Sivaram P, Sreekumar A
Department of General Surgery, Government Medical College, Thiruvananthapuram, 695011, India.
Eur J Trauma Emerg Surg. 2018 Apr;44(2):251-257. doi: 10.1007/s00068-017-0777-7. Epub 2017 Mar 3.
Perforated peptic ulcer is one of the most common surgical emergencies worldwide. With the improvement in medical therapy for peptic ulcers, the number of elective surgical procedures has come down. However, the incidence of perforated peptic ulcer is still increasing and remains as a substantial health problem with significant postoperative morbidity and mortality. This study aimed to find out the association between various preoperative and intraoperative factors with the postoperative mortality and morbidity in patients operated for peptic ulcer perforation.

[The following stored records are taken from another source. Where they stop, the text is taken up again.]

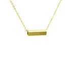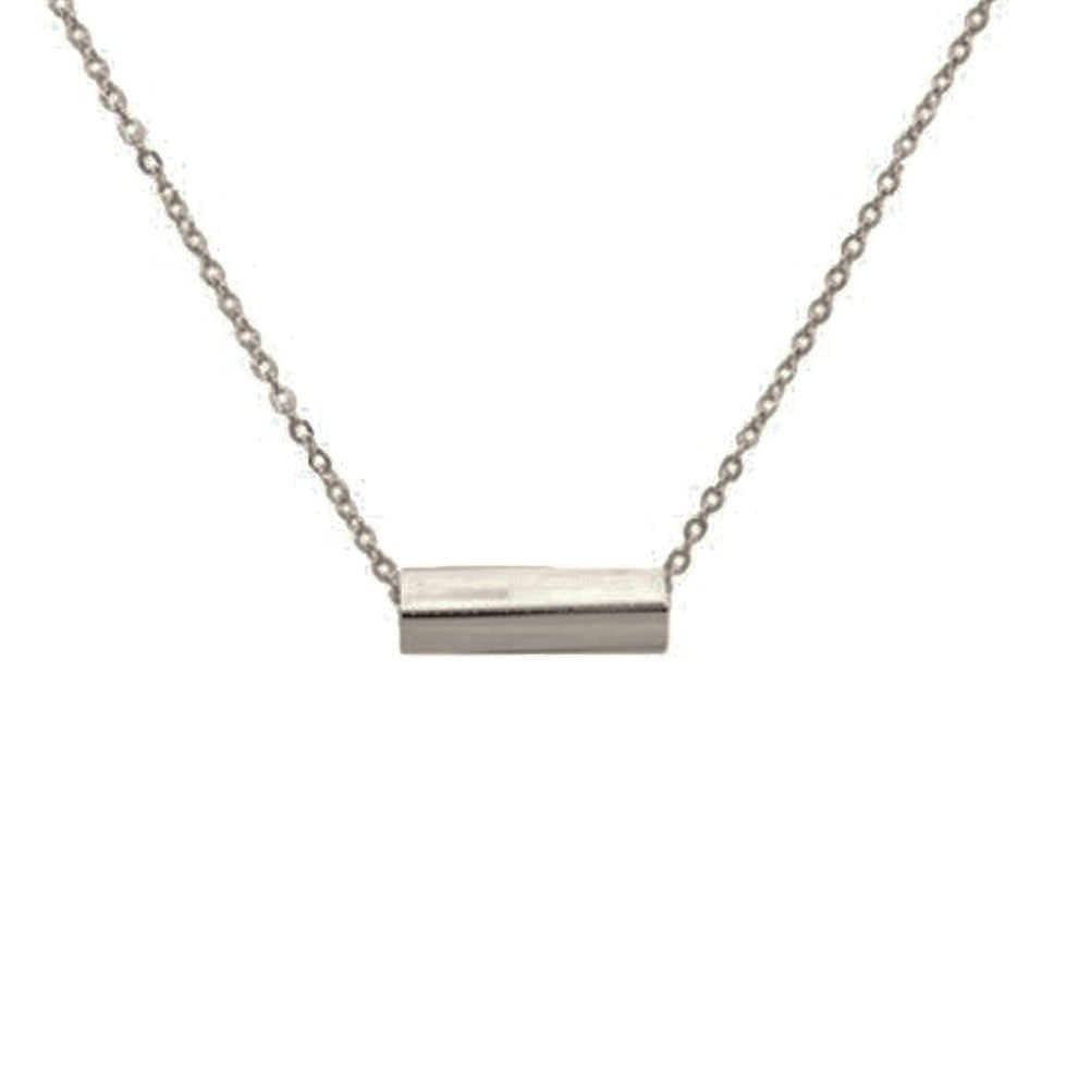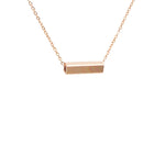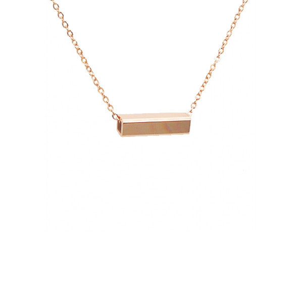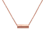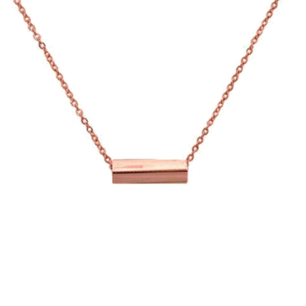 A fabulous yet understated rose gold rectangle bar necklace Made of .925 sterling silver, plated in rose gold. Featuring a dimensional rectangle bar at center. Horizontal bar has a beautiful polished finish. Spring ring clasp. The epitome of versatile, this rose gold bar necklace can stand alone or great for stacking with other necklaces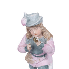 Drie beeldjes van keramiek: Beeld van een jongen die blaast op een hoorn van een dier. Het beeld is aan de voorkant geschilderd, aan de achterkant is het beeld wit. De jongen draagt blauw met roze kleding; Twee kleine beeldjes van een dame en een heer, geglazuurd. Ze dragen kleding in de kleuren roze, geel en wit. Datering onbekend. Conditie: beschadigingen zoals kleine chipjes, van de jongen is een vinger afgebroken, van de kleine beeldjes zijn de kleuren hier en daar versleten. Afmetingen muzikantje: 23 x 7 x 7 cm; Afmetingen dame en heer: 8 x 2,5 x 2,5 cm.
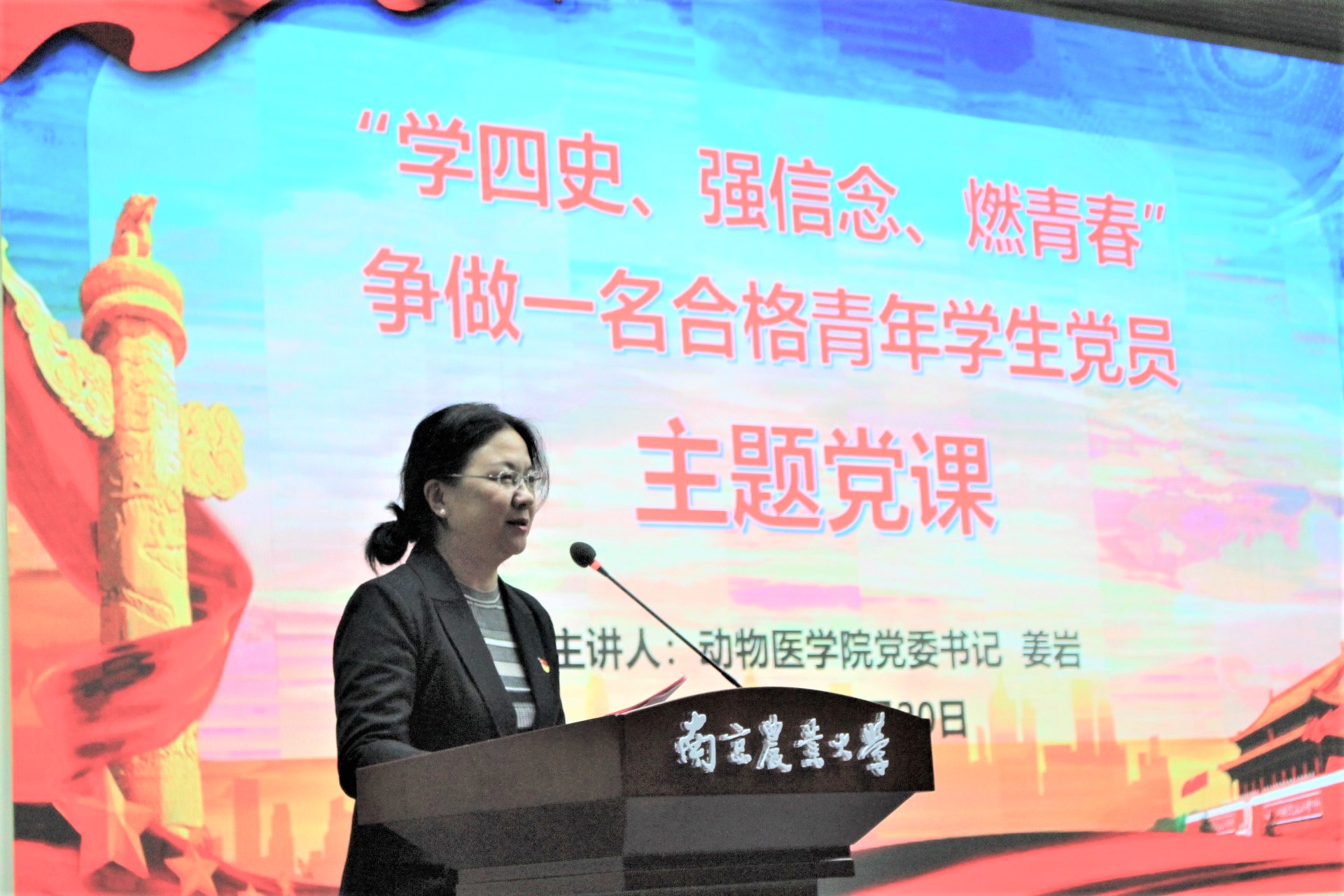 接着优秀党员代表李姿萱发言,回忆了自己过去四年的经历,并阐述了自己对于党员身份的理解,通过自身四年的大学经历具体刻画了共产党员的要求和准则。王欣瑶作为2021级本科生新生代表发言,用生动的语言描绘了中国共产党的峥嵘史册,对入党动机有更深层次的思索。
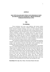 Proses penciptaan suatu karya visual dilakukan oleh manusia melalui kreativitas dan pemikiran. Generative Artifiicial Intelligence atau Kecerdasan Buatan Generatif mengubah pandangan suatu karya visual diciptakan dengan mengabaikan proses tersebut yang sudah diatur dalam Undang-Undang nomor 28 tahun 2014 tentang Hak Cipta. Penciptaan karya visual yang dilakukan Generative Artificial Intelligence menjadi suatu kejadian hukum baru yang belum ada peraturannya di wilayah Indonesia. Permasalahan dalam penelitian ini adalah implikasi hukum terhadap hak cipta di Indonesia menanggapi adanya Artifical Intelligence dalam proses pembuatan karya seni, perlindungan hukum terhadap karya-karya yang digunakan oleh Generative Artifical Intelligence dan pemberian hak cipta atas karya hasil ciptaan Generative Artifical Intelligence. Jenis Penelitian ini adalah penelitian hukum normatif dengan tipe penelitian deskriptif. Sumber data penelitian ini menggunakan data sekunder yang diperoleh melalui studi kepustakaan. Kemudian data diolah melalui pemeriksaan data, klasifikasi data, dan sistematika data, serta dianalisis secara kualitatif. Hasil penelitian menunjukkan subjek atau kepemilikan karya visual melalui Generative Artifical Intelligence berdasarkan pada seberapa besar kontribusi orang sehigga Generative Artifical Intelligence dan orang bisa menjadi subjek dari karya visual tersebut. Pemberian hak cipta dari karya visual yang dihasilkan oleh Generative Artifical Intelligence hanya bisa dilakukan apabila orang sebagai subjek atau pemilik dari karya visual tersebut, jika tidak dimiliki oleh orang, maka hasil karya tersebut tidak dapat dilindungi hak cipta di Indonesia. Dengan adanya peraturan yang tepat dan pengawasan, hukum hak cipta di Indonesia memungkinkan untuk memberi hak cipta terhadap ciptaan melalui Generative Artificial Intelligence dengan pertimbangan yang jelas antara karya visual yang memenuhi syarat perlindungan hak cipta dengan yang melanggar hak cipta. Kata Kunci: Hak Cipta, Karya Visual, Kecerdasan Buatan Generatif. The process of creating a visual work is carried out by humans through creativity and thought. Generative Artificial Intelligence or Generative Artificial Intelligence changes the view of a visual work being created by ignoring this process that has been regulated in Law number 28 of 2014 concerning Copyright. The creation of visual works carried out by Generative Artificial Intelligence is a new legal event that has not been regulated in the territory of Indonesia. The problem in this study is the legal implications of copyright in Indonesia in response to the existence of Artificial Intelligence in the process of making artworks, legal protection of works used by Generative Artificial Intelligence and the granting of copyright to works created by Generative Artificial Intelligence. This type of research is normative legal research with a descriptive research type. The data source of this study uses secondary data obtained through literature studies. Then the data is processed through data analysis, data classification, and data systematics, and analyzed qualitatively. The results of the study show that the subject or ownership of visual works through Generative Artifical Intelligence is based on how much people contribute to Generative Artifical Intelligence and people can be the subject of the visual work. The granting of copyright to a visual work produced by Generative Artifical Intelligence can only be done if a person is the subject or owner of the visual work, if it is not owned by a person, then the work cannot be protected by copyright in Indonesia. With proper regulations and supervision, copyright law in Indonesia makes it possible to copyright works through Generative Artificial Intelligence with a clear consideration between visual works that meet the requirements for copyright protection and those that infringe on copyright. Keywords: Copyright, Visual Works, Generative Artificial Intelligence.

This prospective observational study had a time based sample of 101 perforation peritonitis cases admitted to the surgical wards of a tertiary care center from February 2015 to January 2016 who underwent laparotomy, diagnosed to have peptic ulcer perforation and underwent simple closure with an omental patch. Data regarding age, gender, presenting complaints, time elapsed from the onset of symptoms to surgery, physical examination findings, comorbid diseases, laboratory and imaging findings, intraoperative findings, length of hospital stay, postoperative morbidity, and mortality were recorded and analyzed.
Female gender, older age group, perforation surgery interval more than 36 h, and size of perforation more than 1 cm were found to be significant factors influencing postoperative mortality and morbidity. Postoperative morbidity was also associated with comorbid diseases. Abnormal renal function on presentation was identified as an additional risk factor for postoperative morbidity and longer hospital stay.
An understanding of these factors, identification of patients at risk and early intervention can help in reducing the postoperative morbidity and mortality in peptic ulcer perforation.
消化性溃疡穿孔是全球最常见的外科急症之一。随着消化性溃疡药物治疗的改善,择期手术的数量有所下降。然而,消化性溃疡穿孔的发病率仍在上升,仍然是一个严重的健康问题,术后发病率和死亡率都很高。本研究旨在找出消化性溃疡穿孔手术患者术前和术中的各种因素与术后死亡率和发病率之间的关联。
这项前瞻性观察性研究选取了2015年2月至2016年1月在一家三级医疗中心外科病房收治的101例穿孔性腹膜炎患者作为基于时间的样本,这些患者接受了剖腹手术,被诊断为消化性溃疡穿孔并接受了用网膜补片进行的简单缝合。记录并分析了有关年龄、性别、主诉、从症状出现到手术的时间、体格检查结果、合并疾病、实验室和影像学检查结果、术中发现、住院时间、术后发病率和死亡率的数据。
发现女性、老年组、穿孔至手术间隔超过36小时以及穿孔大小超过1厘米是影响术后死亡率和发病率的重要因素。术后发病率也与合并疾病有关。就诊时肾功能异常被确定为术后发病率和住院时间延长的另一个危险因素。
了解这些因素、识别高危患者并进行早期干预有助于降低消化性溃疡穿孔患者的术后发病率和死亡率。